- Directed by: Joe Davison
- Written by: Joe Davison
- Starring: Debbie Rochon, Julie Anne, Deneen Melody
- Cinematography: Brian Bourke
- Edited by: Joshua Long, Stu McLaughlin, Michael Seitzler
- Music by: Clint Bailly
- Production companies: FEAR FILM Motion Picture Studios, Pop Gun Pictures, Us and the Other Us Productions
- Release date: November 12, 2013;
- Country: United States
- Language: English

= As Night Falls =

As Night Falls (released in Germany as Die Nacht der Zombies) is a 2013 horror film directed by Joe Davison. It was created in 2010 but was not released until November 12, 2013, when it was sent straight to DVD. It stars Debbie Rochon as a mother who returns from the dead to "discipline" anyone she thinks is naughty.

==Premise==
Sisters Holly (Lily Cardone) and Elizabeth (Deneen Melody) are living in a house of murder. Fifty years ago, a young girl named Amelia (Grace Chapman) was brutally murdered by unseen methods.
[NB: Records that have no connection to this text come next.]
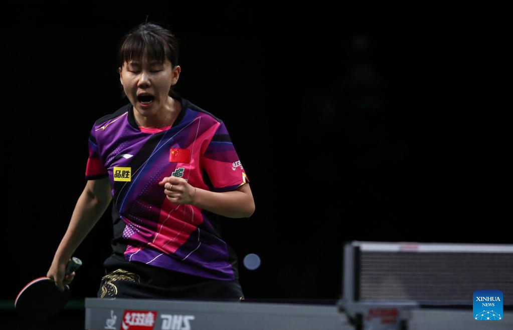 Chen Xingtong of China celebrates during the first round of wowen's singles between Sarah De Nutte of Luxembourg and Chen Xingtong of China at 2023 ITTF Table Tennis World Championships Finals in Durban, South Africa, May 20, 2023. (Xinhua/Han Xu)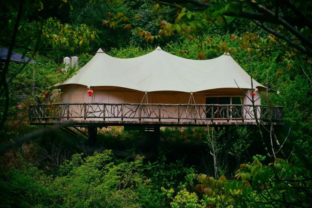 “黎明帐篷酒店”位于丽江老君山黎明景区内,距离丽江市区约124公里,处于峡谷中森林最茂密的地方,这里没有钢筋水泥墙,没有喧嚣人群,只有错落有致的帐篷镶嵌在群山之中,只有丰富的负氧离子守护人们的大健康。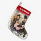 Turn a favourite photo into a special personalised Christmas stocking. This photo stocking is ready to be personalised with a name in bold white lettering against a festive red overlay at the top of the stocking.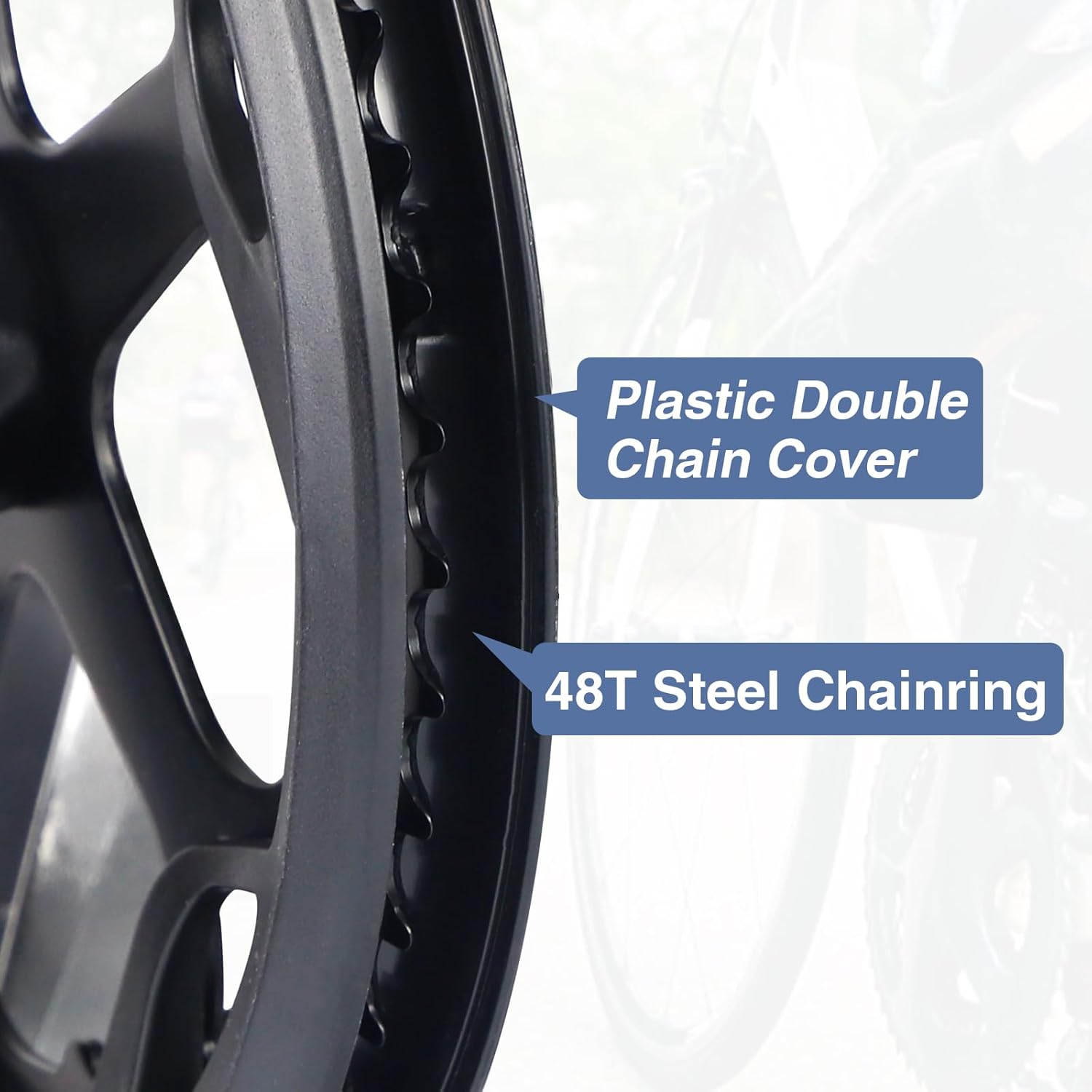 - Durable for long lasting use:The bike crankset is made of Steel,prowheel crank arm – aluminum alloy,Plastic Double Wall Chain Cover,makes it durable for long lasting use.Suitable for mountain bikes, commuter bikes,E-bikes,etc.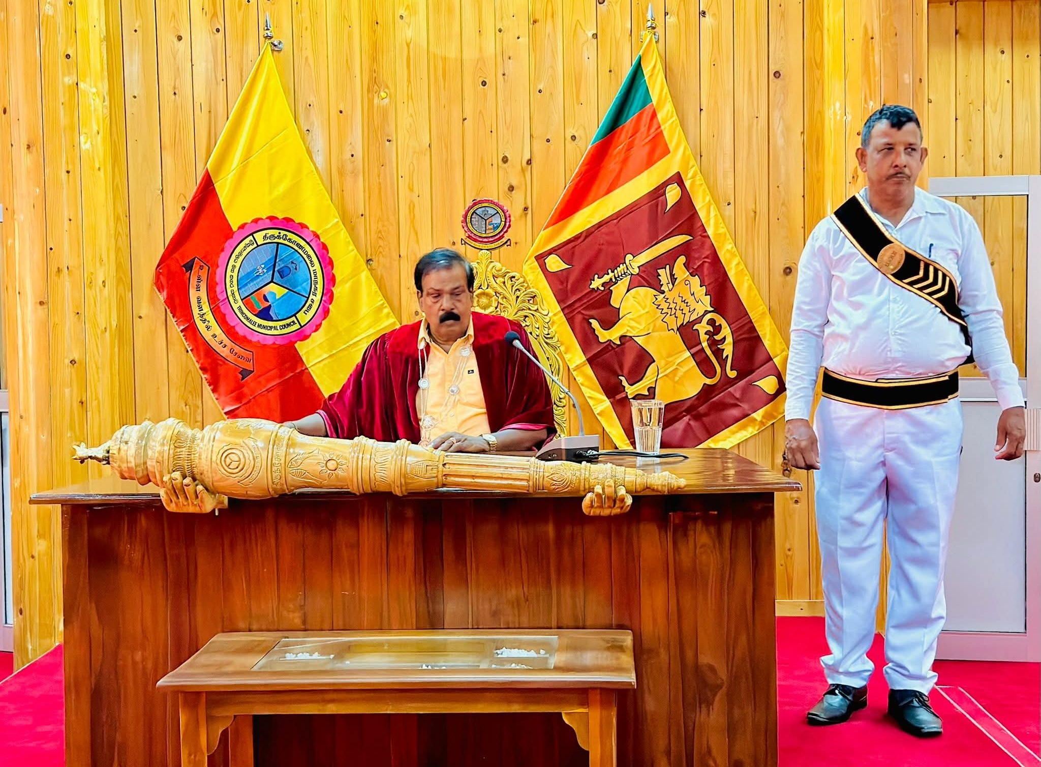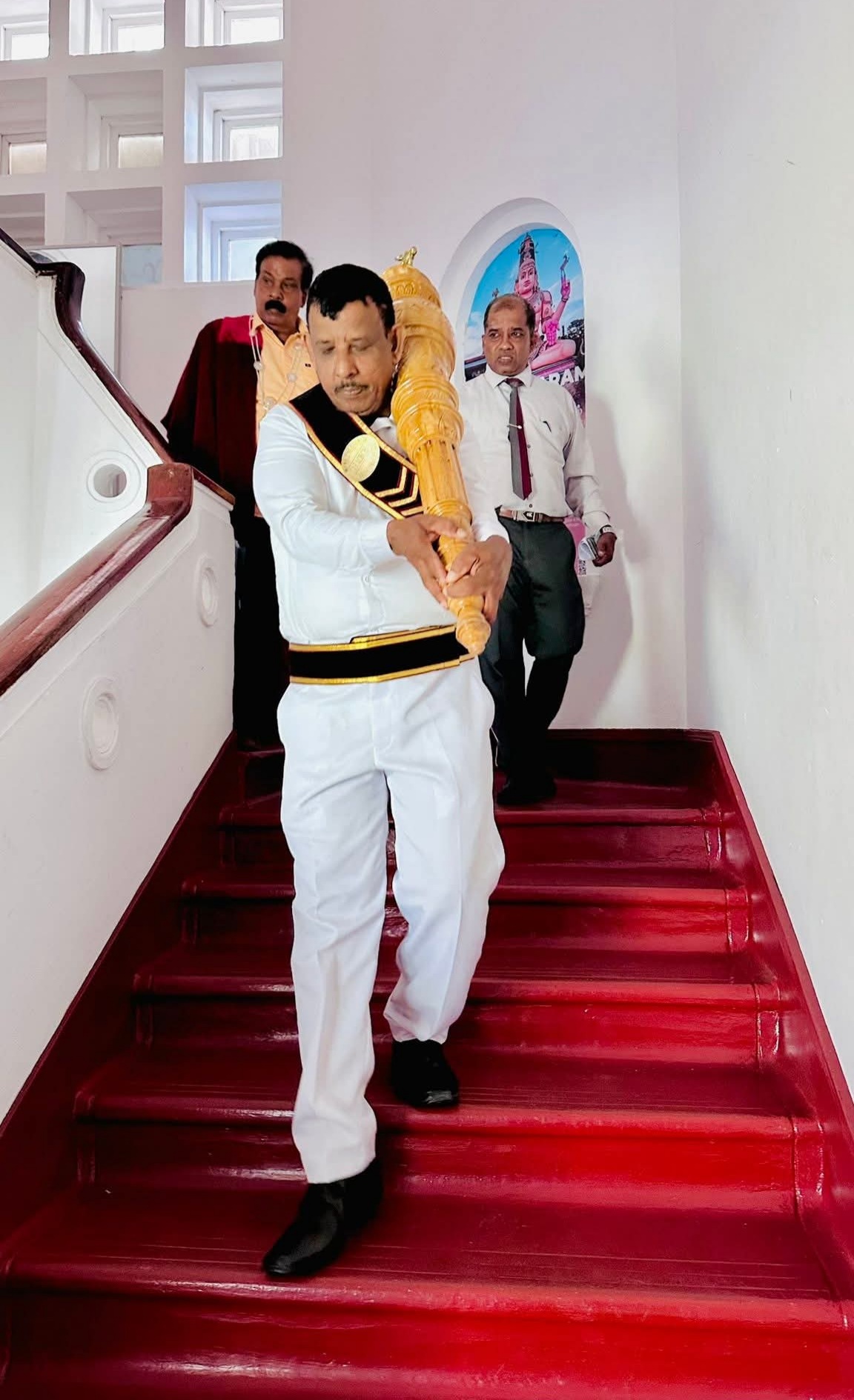 அமர்வின்போது சபைக்கு கொண்டுவரப்பட்ட செங்கோல் திருகோணமலையின் அடையாளமாக நந்தி உள்வாங்கப்பட்டு, அனைத்து மதங்களையும் பிரதிபலிக்கும் வகையில் நான்கு மத தலங்களும் உள்ளடக்கப்பட்டு திருக்குறளை முன்னிறுத்தி தமிழ் பாரம்பரிய கலை கலாச்சாரத்துடன் உருவாக்கப்பட்டு சபையில் முதல்வரால் சமர்ப்பிக்கப்பட்டது.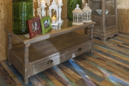 Прямая печать на пробке позволяет создавать любые рисунки и фактуры. Такой пол будто собран из разноцветных дощечек, потертых временем. На создание этой коллекции дизайнера вдохновили яркие рыбацкие лодки, которые часто можно встретить в Индонезии. Если собирать пол из таких реальных дощечек, получится очень трудоемко и дорого, а печать на пробке делает покрытие доступным любому покупателю. Это очень ценно.

Now her parents have returned from their grave to enact their own strict discipline on anyone they believe is misbehaving and staying up past nightfall.

==Cast==
- Debbie Rochon as Nelly Trine / The Mother
- Julie Anne as Olivia
- Deneen Melody as Elizabeth
- Raine Brown as Stephanie
- Rod Grant as Principal
- Jeremy King as Tim
- Brian Kahrs as Jimmy, The Cop / Zombie
- Lily Cardone as Holly
- Ken Anthony II as Steve
- Joe Davison as Charlie
- Dwight Cenac as Otto
- Grace Chapman as Amelia
- Stacci Sastre Reed as Erica
- André Reissig as Pennywise
- Tyler Cross as Dude

==Reception==
Critical reception for As Night Falls was negative and Bloody Disgusting panned the film's acting as particularly bad. Ain't It Cool News and HorrorNews.net also gave negative reviews, with HorrorNews.net commenting that "it ain’t the worst thing I’ve seen this month but it’s pretty disappointing all the same." DVD Verdict gave a mixed review, saying that while the film wasn't "guilty" it was also generic and that "Those looking for new scares or novel pleasures should steer clear."